However, application of therapeutic hypothermia has been credited to the great enhancement of survival rates from such sudden cardiac arrests with a huge influence on the long-term neurologically intact survival too. Further research and animal tests also point, importantly, that the earlier the hypothermia is induced, the better and higher the patient’s outcome and survival rates (Bader, 2011).
Therapeutic hypothermia, also termed protective hypothermia, is a medical procedure involving reduction of a patient’s body temperature so as to help lower the chances of ischemic injury to tissues after a term of insufficient blood flow and can significantly improve the rates of long-term neurologically intact survival. This insufficient blood flow can be a result of several factors such as in the circumstance of a stroke, occlusion of an artery by an embolism, or cardiac arrest. However, in the case of cardiac arrests, the essence of use maybe debated since temperatures of 36˚C (97˚F) basically have similar effects as at the hypothermal 33˚C (91˚F) (Alzaga, Cerdan & Varon, 2006).

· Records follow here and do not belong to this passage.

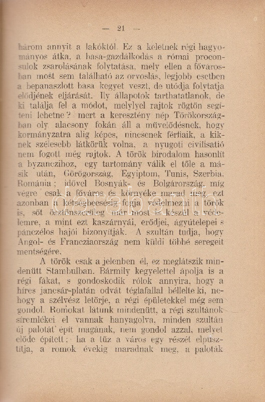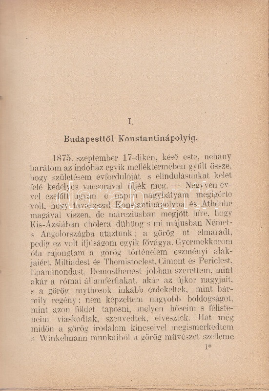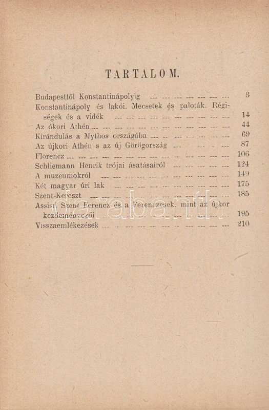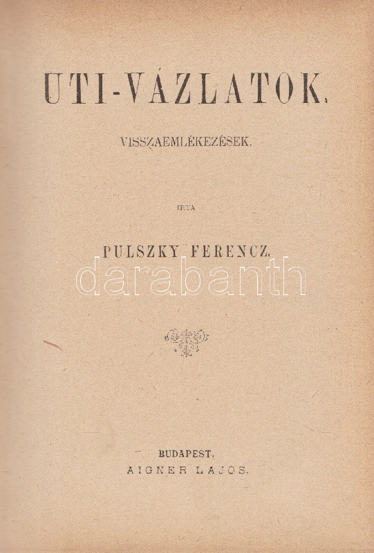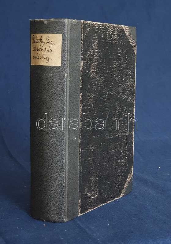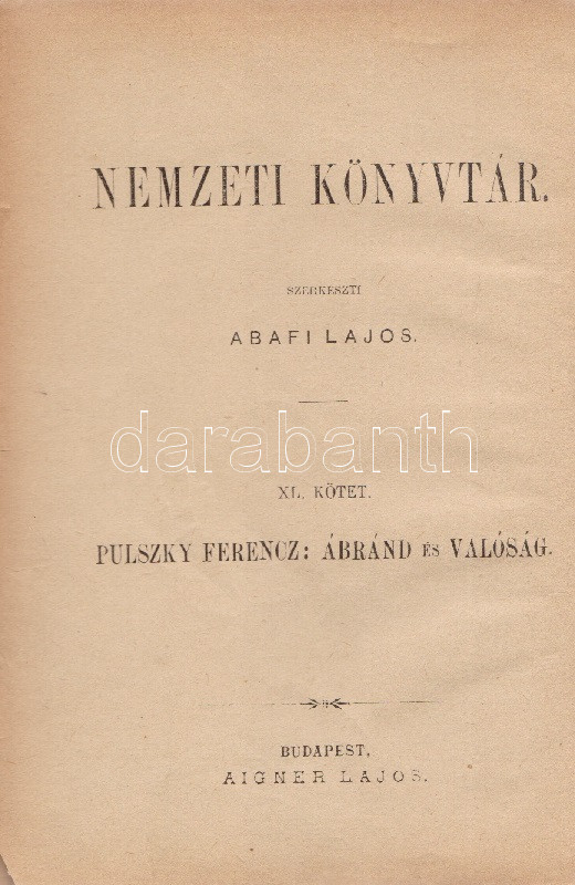 Pulszky Ferenc: Ábránd és valóság: Mese a csillagfiról és a királyfiról. - Jellemrajzok. Eötvös, Széchenyi, Deák, Dessewffy Aurél. - Úti vázlatok. Visszaemlékezések. Budapest, [1888]. Aigner Lajos. [4] + IV + [2] + 204 p.; [2] + 132 p.; 239 + [1] p. Egyetlen kiadás. ,,E kötet három fő részre oszlik. Az elsőben: ,,Mese a csillagfiról és királyfiról" regényes czím alatt Garibaldi és III. Napóleon történetét beszéli el. A másodikban újabb történelmünk négy kimagasló alakjának jellemrajzát adja, a harmadikban ,,Úti-vázlatok" czím alatt leírja 1875-iki utazását Konstantinápolyba, annak lakóit, mecseteit, palotáit, régiségeit és vidékét, az ókori és újkori Athént és új Görögországot, Florenczet, Schliemann Henrik trójai ásatásait; az európai és magyar muzeumokat; két magyar úri lakot (gróf Erdődy Sándor vépi kastélyát, és Bars-Szentkeresztet, Ipolyink egykori kedves Tusculánumát); majd egy tanulmányt ír Assisi Szent Ferencről és a ferencesekről, mint az újkor úttörőiről s visszaemlékezésekkel zárja be a változatos és érdekes kötetet olaszországi élményeiről, a száműzetésből való visszatérése idejéből, a magyar alkotmány visszaállításáról, Deák feleletéről Kossuth levelére, a Nemzeti Múzeumról stb. Legnagyobb súlyt fektet ő maga is az első részre, mely a vaskos kötetnek több mint egy harmadát betölti, melynél - mint ő maga kijelenti előszavában - soha sem írt jobbat. A 60-as évek közepén írta ő ezt olaszországi száműzetésében, midőn a politikában is enyhültek már a szenvedélyek s Magyarország remélve várta a jobb kor beköszönését. Pulszky ellenállhatatlan vágyat érzett megírni kedvelt hősének, Garibaldinak életét, kinek ő az aspremontei kalandnál kíséretében volt, a miért Nápolyban hat heti fogságot kellett szenvednie. De Garibaldi neve még tiltott volt Pesten, csakúgy mint Bécsben, mesealakba öltötte tehát elbeszélését, belevonva a legendát, úgy mint a történetet." (Századok, 1889, 160. o.) Kötetünk két belső címlapja kijár. (Nemzeti Könyvtár. XL. kötet.) Korabeli félvászon kötésben, a gerincen kézzel feliratozott címkével, márványmintás festésű lapszélekkel.
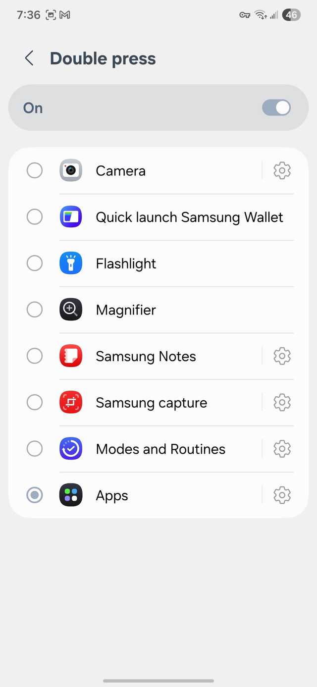 - . Estabeleça-o para abrir a seleção de alimentos poderosos. Você pode liberar o Samsung Pocketbook ou qualquer outro aplicativo de terceiros com um toque duplo.
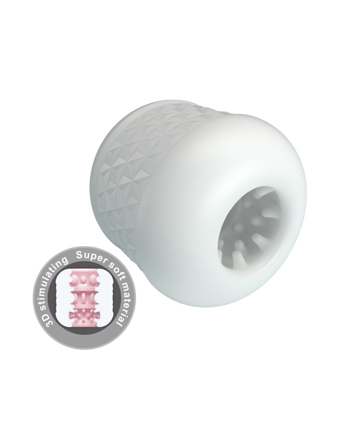 Išbandykite šį unikalų, itin minkštą glostymo įrankį su dvipusėmis angomis, pro kurias patenkama prie daugybės minkštų ir tamprių jutiklių, esančių jaukiame vidiniame tekstūruotame kanale. Tekstūruotas kanalas ir malonumo jutikliai sukurti taip, kad glostytų ir glamonėtų, kol būsite pasiruošę fenomenaliam malonumo sprogimui! Atsparus vandeniui ir lengvai valomas.
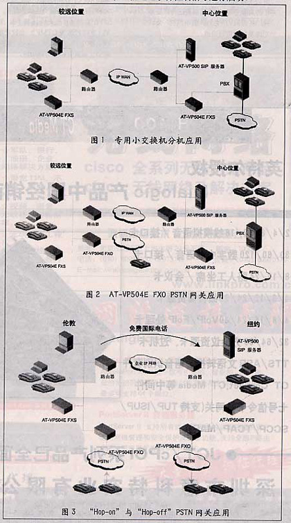 在圖2所示的應(yīng)用中,遠程局位置直接附加了一個AT-VP504E FXO裝置,為PSTN提供IP電話網(wǎng)關(guān)服務(wù),IP語音呼叫被轉(zhuǎn)化為模擬格式通過標(biāo)準(zhǔn)電話線路進行傳輸。同樣,來自普通電話網(wǎng)絡(luò)的呼入呼叫,也被轉(zhuǎn)化為IP呼叫通過企業(yè)IP網(wǎng)絡(luò)轉(zhuǎn)接。這就使本地PSTN呼叫者,可向企業(yè)或其他目的地打免費長途電話。
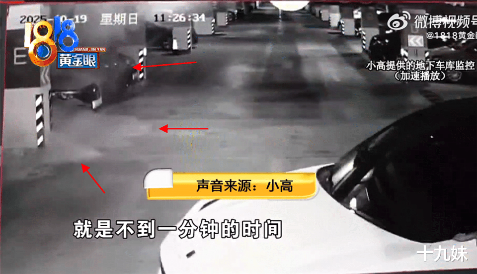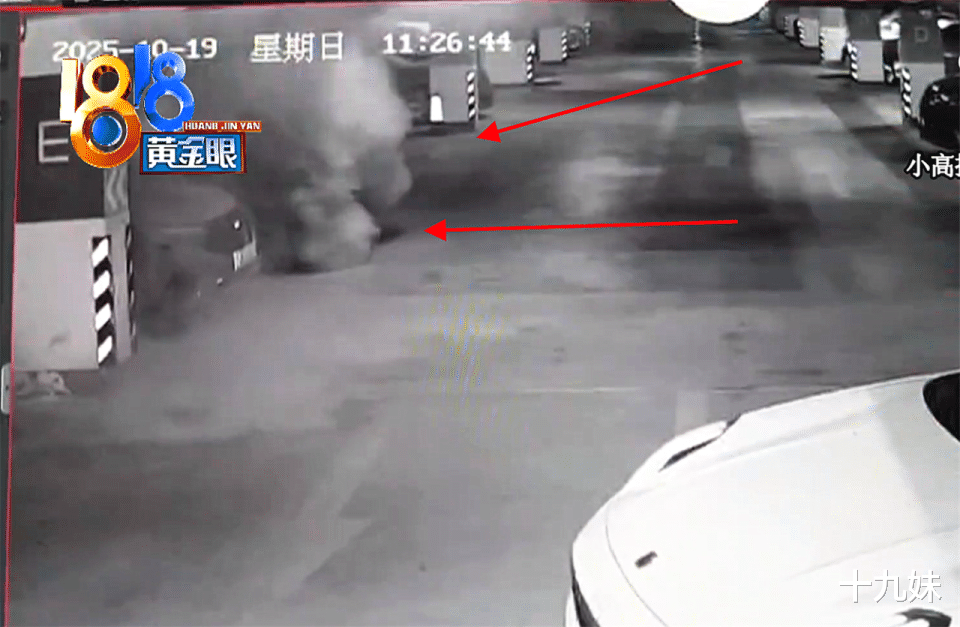 从地下车库的监控视频中能看到,10月19日上午11:26分,他的奔驰EQE在车位上正常停放。在没有发生任何碰撞,也没有任何人靠近的情况下,车头处竟突然冒出大量白烟。
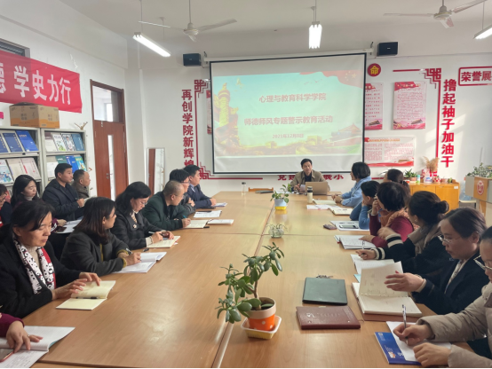 为进一步加强我院师德师风建设,12月8日,心理与教育科学学院开展师德师风专题教育活动,学院全体教职工参加活动。
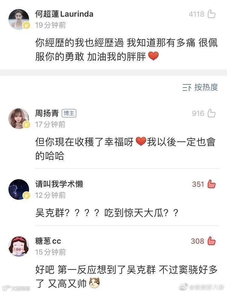 周扬青的发博时间是今天上午9点钟,网友们纷纷清醒吃瓜。

Therapeutic hypothermia can be incited either through invasive methods or non-invasive methods. Induction by the non-invasive methods involve surface cooling with ice packs, surface cooling helmets, cool caps, application of a cold water blanket or/ and clothing directly to the patient’s skin surface. Invasive means on the other hand employ the use of a catheter placed in the inferior vena cava through the femoral vein, internal cooling methods through the infusion of cold fluids or trans-nasal evaporative cooling (Brooks, 2010).
There exist five major medical conditions that therapeutic hypothermia treats effectively. These include cardiac arrest, neonatal encephalopathy, ischemic stroke, neurogenic fever (after brain trauma) and a spinal cord injury without damage.